▶ [Exercise directions]
Find the line containing "標(biāo)的位于貴陽市云", then print it and each line after it through the end of the listing exactly, with no pictures.

▶ [Available data]
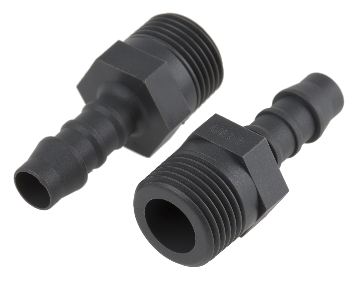 This is Straight Male Hose Coupling 3/8in 3/8 in BSP Male nylon manufactured by RS Pro. The manufacturer part number is 795-152. In addition, its coupling connector direction is straight . The threaded is a bsp standard. Moreover, it has a standard 8mm inner hose diameter . It has a typical thread size of 3/8in. The product has a/an hose tail adaptor type hose connector . The product's body is nicely designed from nylon materials. The connector is of male gender .
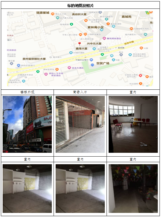 標(biāo)的位于貴陽市云巖區(qū)延安中路81號(hào)鑫海大廈1層35、36、48、49號(hào),2層16、17、50號(hào),該標(biāo)的總建筑面積為:159.73㎡,分?jǐn)偼恋厥褂脵?quán)面積分別為0.76㎡、0.42㎡、0.96㎡、0.95㎡、0.48㎡、0.49㎡、1.85㎡;地類用途:商務(wù)金融用地,土地使用權(quán)類型為出讓,土地使用權(quán)終止日期為2047年12月31日,土地所有權(quán)為國家所有;樓層:總層數(shù)27層,標(biāo)的位于樓宇總層數(shù)27層的第1、2層,層高:住宅商業(yè)層高3.5m,住宅層高2.8m;建筑結(jié)構(gòu):框架結(jié)構(gòu)。
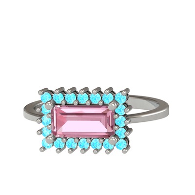 Pembe kuvars ve akuamarin 14 ayar beyaz altın yüzük

▶ [Result of this exercise]
 標(biāo)的位于貴陽市云巖區(qū)延安中路81號(hào)鑫海大廈1層35、36、48、49號(hào),2層16、17、50號(hào),該標(biāo)的總建筑面積為:159.73㎡,分?jǐn)偼恋厥褂脵?quán)面積分別為0.76㎡、0.42㎡、0.96㎡、0.95㎡、0.48㎡、0.49㎡、1.85㎡;地類用途:商務(wù)金融用地,土地使用權(quán)類型為出讓,土地使用權(quán)終止日期為2047年12月31日,土地所有權(quán)為國家所有;樓層:總層數(shù)27層,標(biāo)的位于樓宇總層數(shù)27層的第1、2層,層高:住宅商業(yè)層高3.5m,住宅層高2.8m;建筑結(jié)構(gòu):框架結(jié)構(gòu)。
 Pembe kuvars ve akuamarin 14 ayar beyaz altın yüzük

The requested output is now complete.